Step 1: Properties of orthogonal matrices. 
A matrix \( P \) is orthogonal if \( P^T P = I_3 \), meaning that \( P \) preserves the length of vectors. This implies that all eigenvalues of \( P \) lie on the unit circle in the complex plane, i.e., they have an absolute value of 1. Since \( \det(P) = 1 \), the product of the eigenvalues is 1. 
Step 2: Analyzing the options.
Option (A): A matrix \( P \in \mathcal{O} \) with \( \lambda = \frac{1}{2} \) as an eigenvalue is impossible because the eigenvalues must have an absolute value of 1.
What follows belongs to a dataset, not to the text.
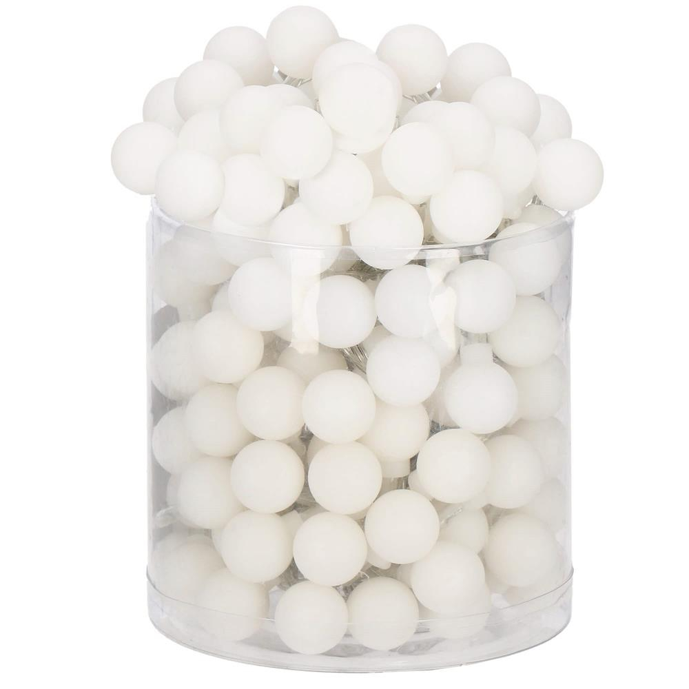 SARBATORILE SUNT TOT MAI APROAPE... Luminitele noastre de Craciun arata grozav pe un pom de Craciun, pe arbusti in gradina sau atarnand usor pe balustrada balconului. Acestea sunt accentul perfect pentru a crea o atmosfera festiva in jurul tau. Cu o gama larga de culori, puteti gasi cea mai potrivita pentru a va decora casa, gradina sau afacerea. Lasa-te purtat de atmosfera de sarbatoare si fa din Craciun un moment special pentru tine si familia ta. Luminile noastre se caracterizeaza prin calitate si manopera de inalta calitate. Le puteti utiliza atat in interior, cat si in exterior.Lantul luminos este format din LED-uri sub forma de bila. Acestea au fost plasate pe fire de cupru durabile, care sunt rezistente la rupere. Totul este alimentat de baterii, astfel incat il puteti atarna oriunde fara sa va faceti griji daca exista o priza de curent in apropiere. LUMINILE CU LED AU UN PROGRAMATOR CU 8 FUNCTII: COMBINATION (combinatie de moduri diferite)IN WAVE (se aprinde in valuri)SEQUENTIAL (iluminat secvential)SLO-GLO (stralucire lenta)CHASING / FLASH (flash rapid)SLOW FADE (estompare lenta)TWINKLE / FLASH (intermitent)STEADY ON (lumina continua) PARAMETRII: Culoare alba caldaProgramator cu 8 functiiLungime totala 7,5 mLungimea cablului de la sursa de alimentare la 1 lampa 30 cmAranjament de lumini 15 cmLumini 50 micro LED-uriLED-uri de economisire a energieiAlimentat cu 3x baterii AA (nu sunt furnizate)Arderea unei diode nu stinge setul!Rezistent la apa - fara sursa de alimentareLumini pe fire de cupru durabile cu diametrul de 0,9 mm, rezistente la rupereCertificat CE, RoHSClasa de protectie IP44Utilizare in interior si exteriorIzolatie transparentaMargele albe maturate cu diametrul de aproximativ 16 mm

Option (B): A matrix \( P \in \mathcal{O} \) with \( \lambda = 2 \) as an eigenvalue is also impossible for the same reason.
Option (C): If \( \lambda \) is the only real eigenvalue of \( P \in \mathcal{O} \), the other two eigenvalues must be complex conjugates, and the product of all three eigenvalues must be 1. Hence, \( \lambda = 1 \).
Option (D): Since \( \det(P) = 1 \) and \( P \) is orthogonal, it is possible for \( \lambda = -1 \) to be an eigenvalue (this would correspond to a reflection matrix). Thus, the correct answer is \( \boxed{(C)} \) and \( \boxed{(D)} \).